Прежде, чем лезть к звездам, человеку надо научиться жить на Земле.
Пока человек свободен, он не думает о свободе.
Со временем ненависть перегорает. И только тлеет, хотя и не исчезает … но остаётся неприязнь.
Мне дороги мои воспоминания. Это все, что у меня есть. Это единственная истинная ценность...
Мир не столь уж хорош. Он построен на крови и нищете, в его фундаменте слишком много костей. Во всей его истории почти не найдется лет, свободных от насилия, организованного официального насилия в каком-нибудь уголке земного шара.

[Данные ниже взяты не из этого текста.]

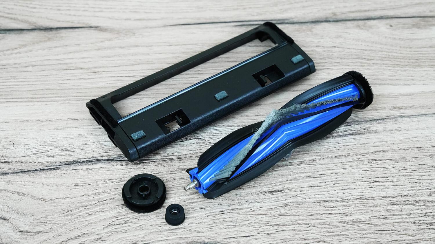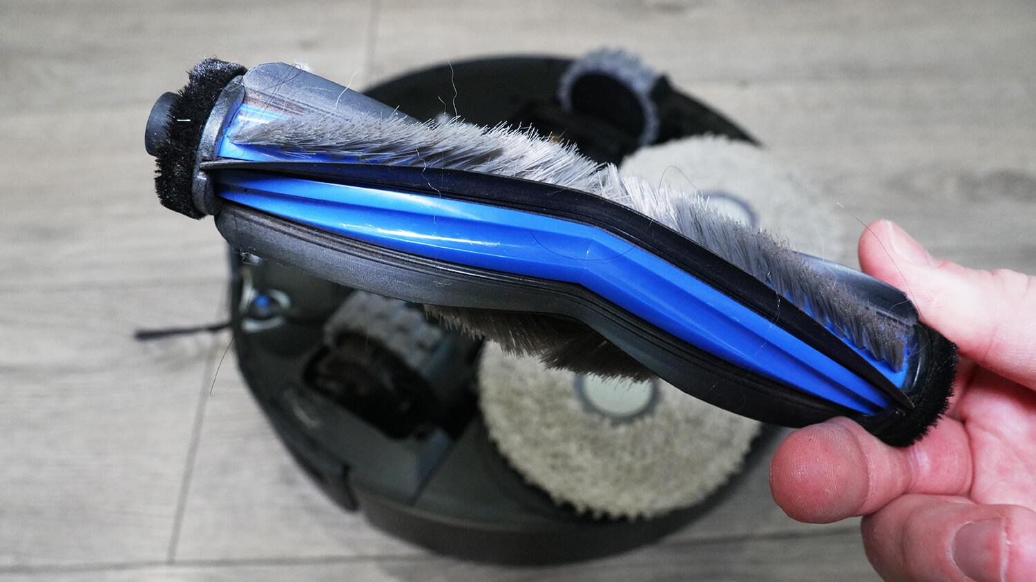 Посмотрим на состояние чистящего модуля. Видим, что боковая щётка намотала на себя немного волос, но основной удар приняла основная щётка, намотав по центру шерсть и волосы.

Пока держишься на ногах, надо драться, и если даже тебя свалили наземь и ты уже не в силах встать, всё равно нельзя признавать себя побеждённым.
Они разговаривали о пустяках и притворялись, будто их ничто не тревожит, а Мэйтленд даже сделал попытку пошутить, но его шутка пришлась не к месту и в корчах испустила дух, раздавленная фальшивым хохотом, которым на неё отреагировали остальные.
Проживи вы хоть миллион лет, вам никогда не понять женщин.
Я бы даже не сказала, что они — характеры. Просто они личности. Они росли привольно, в непринуждённой обстановке. Никто не подавлял их, не связывал всякими строгостями и ограничениями, и они остались самими собой. Наверно, в наше время только в таких захолустных городках и можно ещё найти подлинно свободную индивидуальность.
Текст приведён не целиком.